Sepia Saturday 151 : Telephone Exchange


Our Sepia Saturday theme image this week shows an old telephone exchange. Dozens of young women plug wires into boards connecting people from opposite ends of the earth. It is a bit like an old-fashioned Internet when you think about it, a pre-digital web spun out of twisted wires rather than fibre optics. I say this, however, from the standpoint of someone who has never really quite understood how the internet actually works : for all I know there is some freshly-permed lass who has just plugged a wire into a socket and connected your computer to mine so that you can read this post.

But, I digress and I am in danger of getting my wires crossed. The theme image immediately sent me searching among my collection of old prints and negatives for photographs featuring telephones. And to my surprise, I found precious few, and none at all dating from more than about 30 years ago. I am not sure why I was so surprised; although telephones are so ubiquitous these days, it was well into the 1970s before we had a telephone at home. All the time The Lad had been at University, I have been able to contact him on an almost daily basis via telephone, to hear of his triumphs and disasters, to receive his requests for food and cash, and to reassure myself that the chap is still safe and well.

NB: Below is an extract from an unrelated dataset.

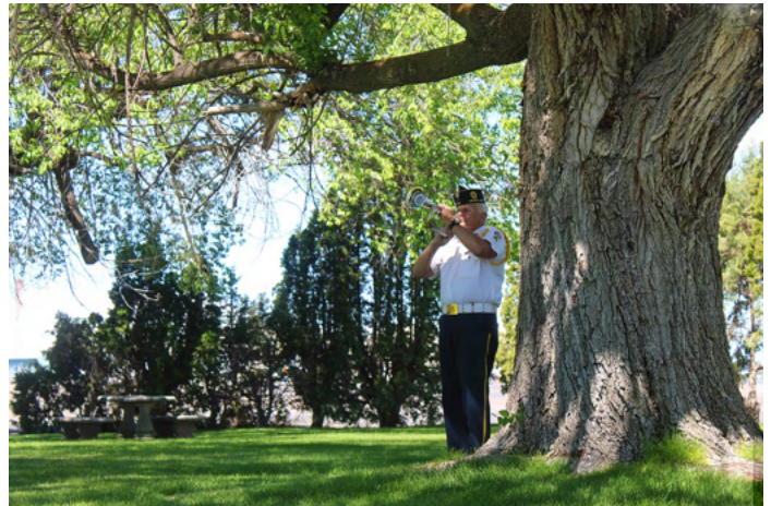
87 Forgotten Heroes Memorial, Moses Lake – AL Post 209 and others held a service to honor those lost at the Port of Moses Lake in a fatal crash during Operation Sleigh Ride on 20 Dec 1952; full story at https://tinyurl.com/ml-memorialday2021

My photograph dates back to 1968 and shows my desk at Fircroft College in Birmingham. I have always been fond of photographs like this; ones you can have a good old nosey about in, see what people are reading, writing, drinking and - if the box of Swan Vestas is anything to go by - smoking. If you look, you will find my beloved old typewriter, my precious old dictionary, even my ever-faithful hole punch; but you will not find a telephone. Although there were public call boxes in the building, neither my parents nor my then girlfriend (then girlfriend, now wife) back in Yorkshire has access to phones. We would communicate by letter or by postcard, scribbled messages on bits of paper and card. I am tempted to say that we were better for it, but no, that isn't the case. I would have gladly exchanged my Parker pen for a telephone. There was many a lonely night when I would have liked nothing better than for someone to have plugged a wire into a socket and brought me a little closer to those I loved.

You can get connected to other fascinating old photographs by going on over to our digital image exchange, Sepia Saturday, and following the links.

23 comments:

  1. Like you, I couldn't find pictures of telephones either. But I must ask, what was going on back in those college days that you looked at this desk and thought, "Let me take a picture of this"?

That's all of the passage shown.